[Date Prev][Date Next][Thread Prev][Thread Next][Date Index][Thread Index]
Re: Processing large amounts of files
From: |
Ricardo Wurmus |
Subject: |
Re: Processing large amounts of files |
Date: |
Mon, 25 Mar 2024 10:25:22 +0100 |
User-agent: |
mu4e 1.10.8; emacs 29.1 |
Liliana Marie Prikler <liliana.prikler@ist.tugraz.at> writes:
>> When running with "-l all" I see this:
>>
>> info: .75 Computing workflow `cat'...
>> debug: 3.13 Computing script for process `meow'
>> guix: 3.13 Looking up package `bash-minimal'
>> guix: 3.13 Opening inferior Guix at
>> `/gnu/store/pb1nkrn3sg6a1j6c4r5j2ahygkf4vkv9-profile'
>> guix: 4.27 Looking up package `guix'
>> debug: 4.45 Generating all scripts and their dependencies.

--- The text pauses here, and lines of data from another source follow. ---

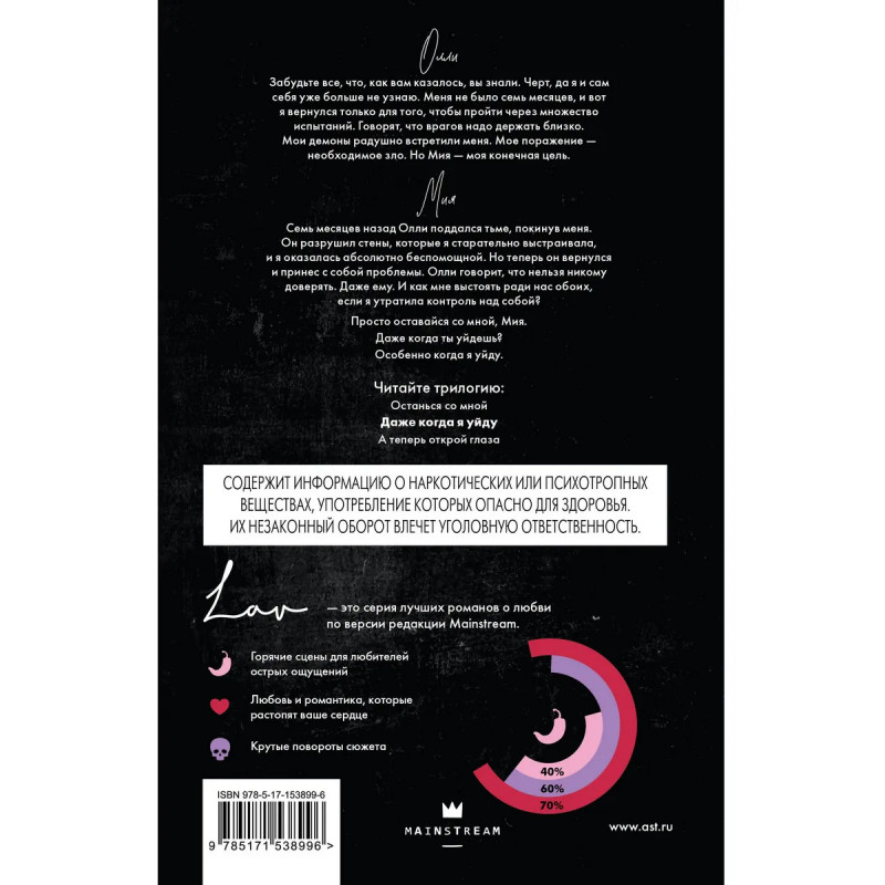 Олли Забудьте все, что, как вам казалось, вы знали. Черт, да я и сам себя уже больше не узнаю. Меня не было семь месяцев, и вот я вернулся только для того, чтобы пройти через множество испытаний. Говорят, что врагов надо держать близко. Мои демоны радушно встретили меня. Мое поражение — необходимое зло. Но Мия — моя конечная цель. Мия Семь месяцев назад Олли поддался тьме, покинув меня. Он разрушил стены, которые я старательно выстраивала, и я оказалась абсолютно беспомощной. Но теперь он вернулся и принес с собой проблемы. Олли говорит, что нельзя никому доверять. Даже ему. И как мне выстоять ради нас обоих, если я утратила контроль над собой? Просто оставайся со мной, Мия. Даже когда ты уйдешь? Особенно когда я уйду.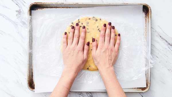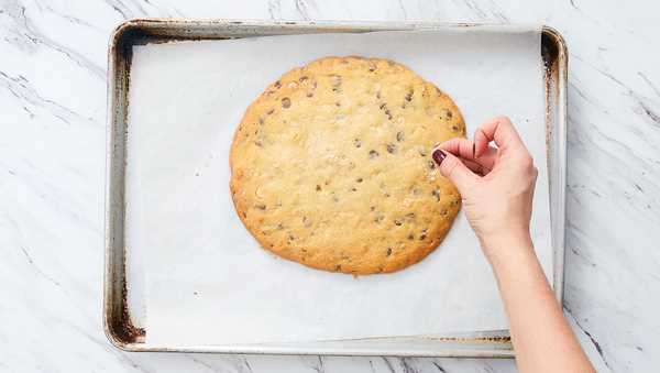 - 4. Scoop cookie dough onto prepared baking sheet. Arrange a large piece of plastic wrap over top of dough. Gently press and flatten dough into a disc, about ¼-inch thick. Then, remove plastic wrap from dough in a quick, fluid motion. Transfer baking sheet to oven and bake until edges are golden but center is still soft, 12-15 minutes.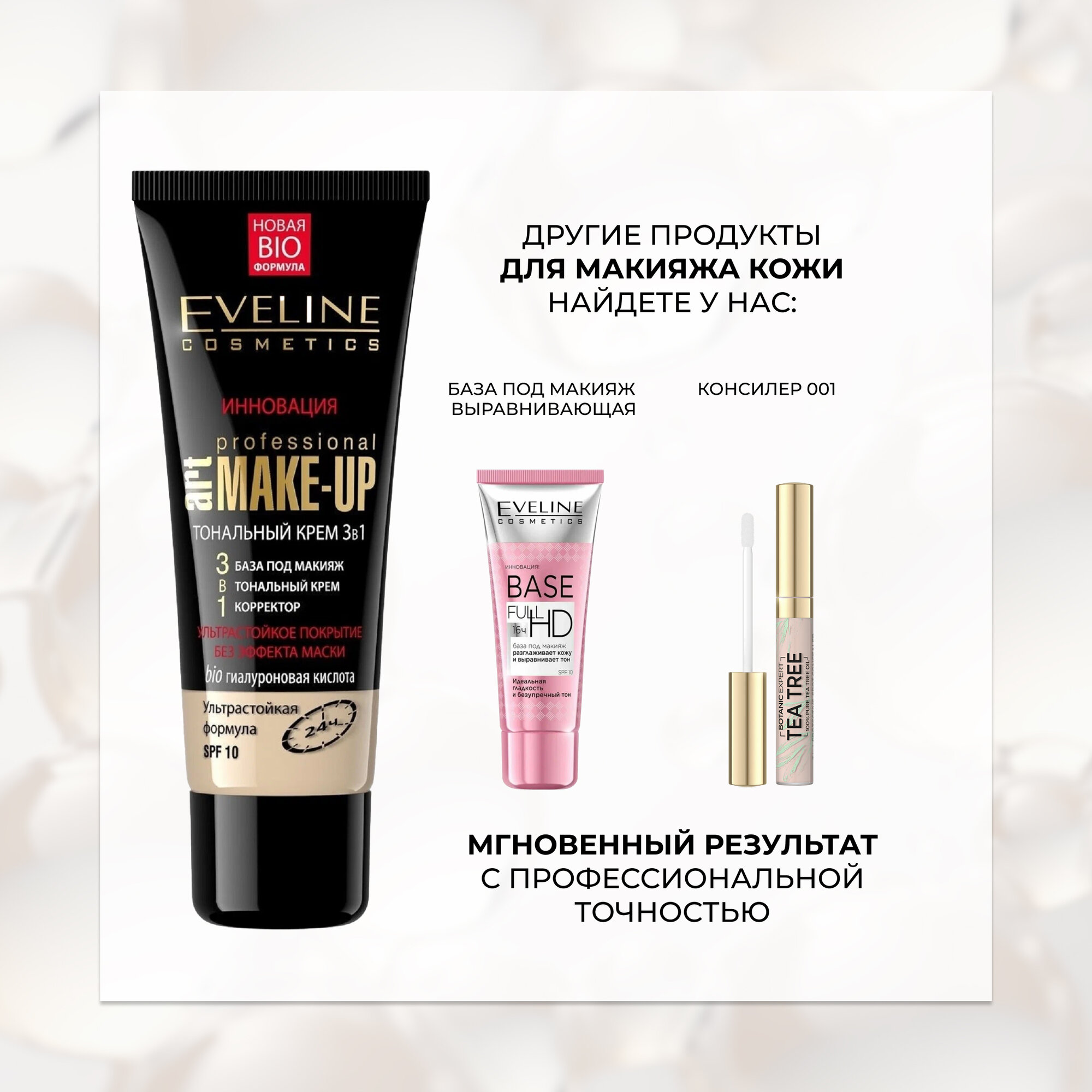 Тональный крем 3в1 EVELINE Art Professional Make Up 3в1, SPF 10 тон натуральный, 30 мл информация:

>> debug: 4.89 Generating all scripts and their dependencies.
>> run: 6.73 Executing: /bin/sh -c
>> /gnu/store/5idhbvhrwj3p53kkz2vikdn1ypncwj84-gwl-meow.scm '((inputs
>> "/tmp/meow/0" ...
>> process: 8.80 In execvp of /bin/sh: Argument list too long
>> error: 8.80 Wrong type argument in position 1: #f
>>
>> This at least tells us that the last error here is due to sh refusing
>> to run.
> Good to know, and I thought it'd be just that, but… shouldn't this
> failure to invoke sh be caught through something?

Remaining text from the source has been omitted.